CLAY TOWNSHIP, Mich — The Shark is in the water — and he will be for a while.

Long-distance swimmer Jim Dreyer, who calls himself “The Shark,” waded into Lake St. Clair near the Michigan-Canada border on Monday to begin what he hopes will be a 22-mile success story — all while hauling a ton of bricks.

The soon-to-be-50-year-old plans to come ashore 30 hours later on Tuesday afternoon at Detroit’s Belle Isle to greet fans, well-wishers and representatives of Habitat for Humanity, the charity that inspired Dreyer to undertake his latest swim.

A 22-mile swim across Lake St. Clair is like a dip in the water for a guy who has direct crossings of all five Great Lakes under his swim belt. So to make it interesting, Dreyer is pulling two dinghies filled with 334 bricks. And he’s swimming solo without a support boat.

At a weight of six pounds per brick, the motivational speaker from Byron Center, Mich., is towing more than 2,000 pounds behind him.

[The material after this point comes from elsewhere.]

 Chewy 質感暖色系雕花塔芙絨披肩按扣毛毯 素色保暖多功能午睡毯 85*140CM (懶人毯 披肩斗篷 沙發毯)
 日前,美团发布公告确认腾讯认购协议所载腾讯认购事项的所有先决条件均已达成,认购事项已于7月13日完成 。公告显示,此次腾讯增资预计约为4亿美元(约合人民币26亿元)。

Dreyer calls it his “train of pain.”

After his crew of three loaded up the dinghies with bricks, food, drink and other essentials for the trip Monday morning, Dreyer waded into the waters off the Clinton River Boat Club in Clay Township near Algonac.

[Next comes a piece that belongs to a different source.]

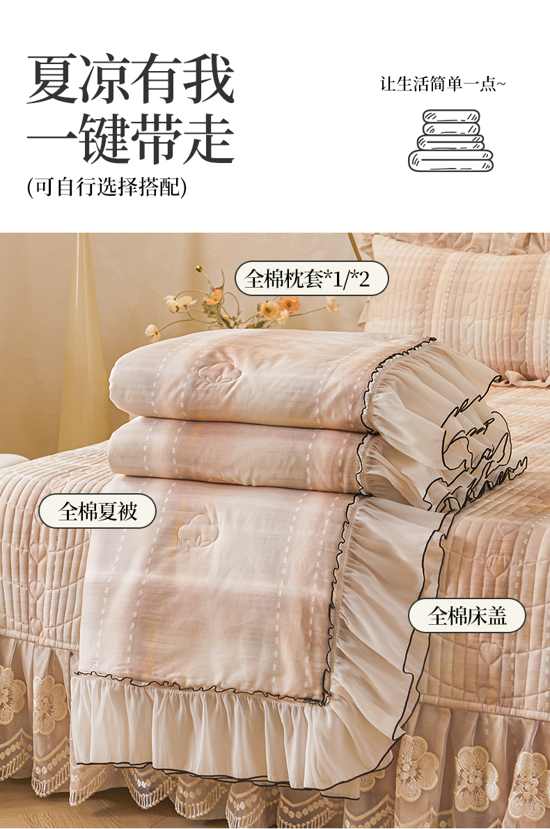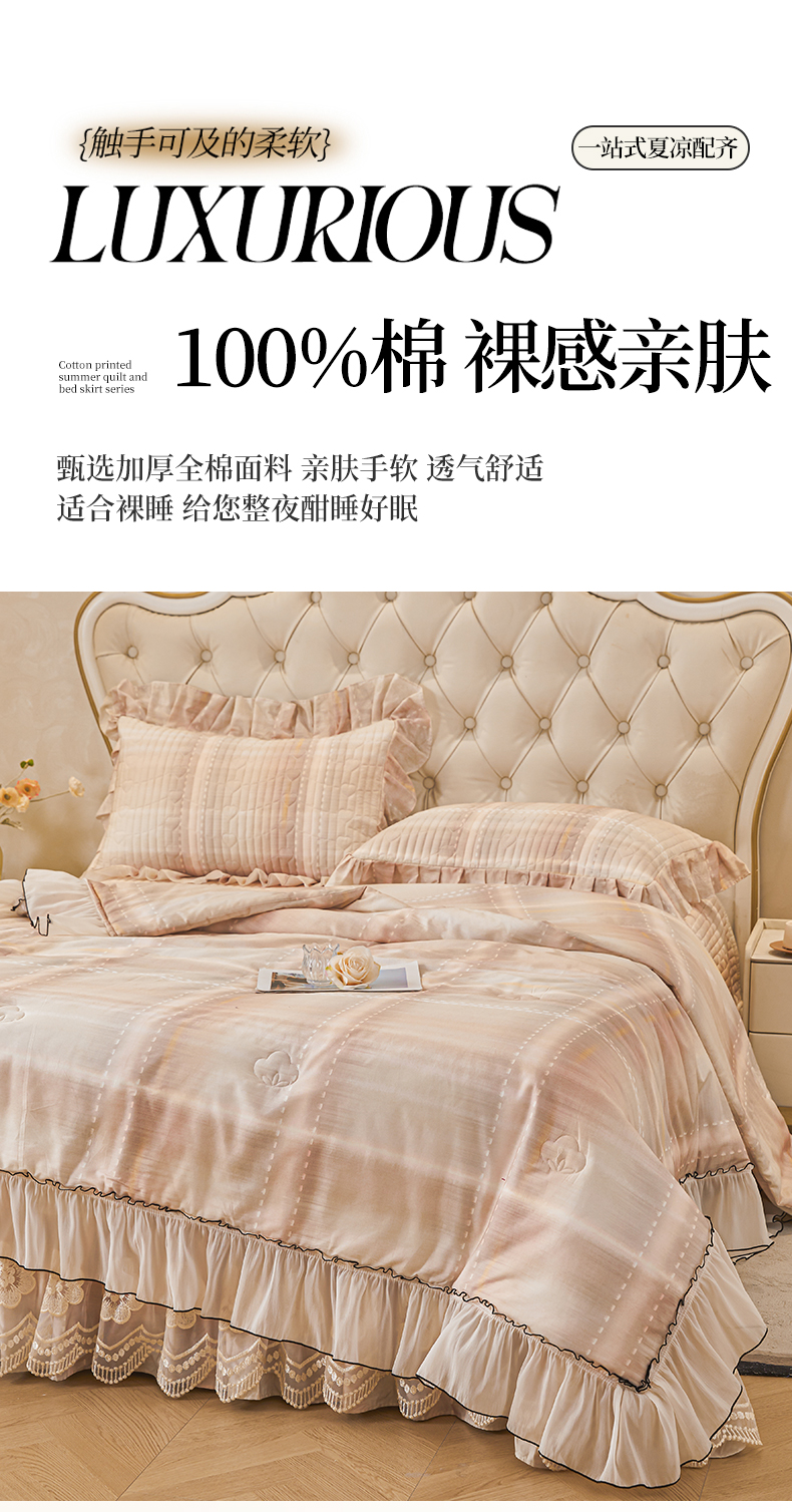 (总)宜凡家纺 2026新款全棉数码印花夏被床裙四件套格子系列,光之羽 粉,光之羽 绿,光之羽 紫

He donned his wetsuit, took a group photo, and the crew affixed the dinghies to Dreyer’s ankles. He then looked in the distance, gazing at the Renaissance Center towers that comprise General Motors’ headquarters.

“Next stop, Detroit,” he said, before hitting the water to the delight of the onlookers who had gathered to see him get started.

Dreyer is swimming with a GPS tracking device that will post his position online. It also comes equipped with a messaging system that allows him to communicate with the outside world.

At the touch of a button, Dreyer can send out three pre-programmed messages. One lets his crew know he’s OK. A second tells them he’s not and to send a boat to his position. A third shows that he’s in a life-threatening situation and requires immediate assistance from the Coast Guard.

Dreyer has been preparing since October, doing strength training, completing 20-mile swims and at one point towing a 6,000-pound boat in the water.

“I’m confident that if anyone on this planet can do this, it’s me,” he said with a smile.

The holder of a number of world records for endurance swimming, Dreyer said he expects to set one this time around for longest distance swimming while towing a ton of bricks – a record that doesn’t currently exist.

“Nobody has ever pulled a ton of bricks any distance,” he said. “Pretty surprising, right?”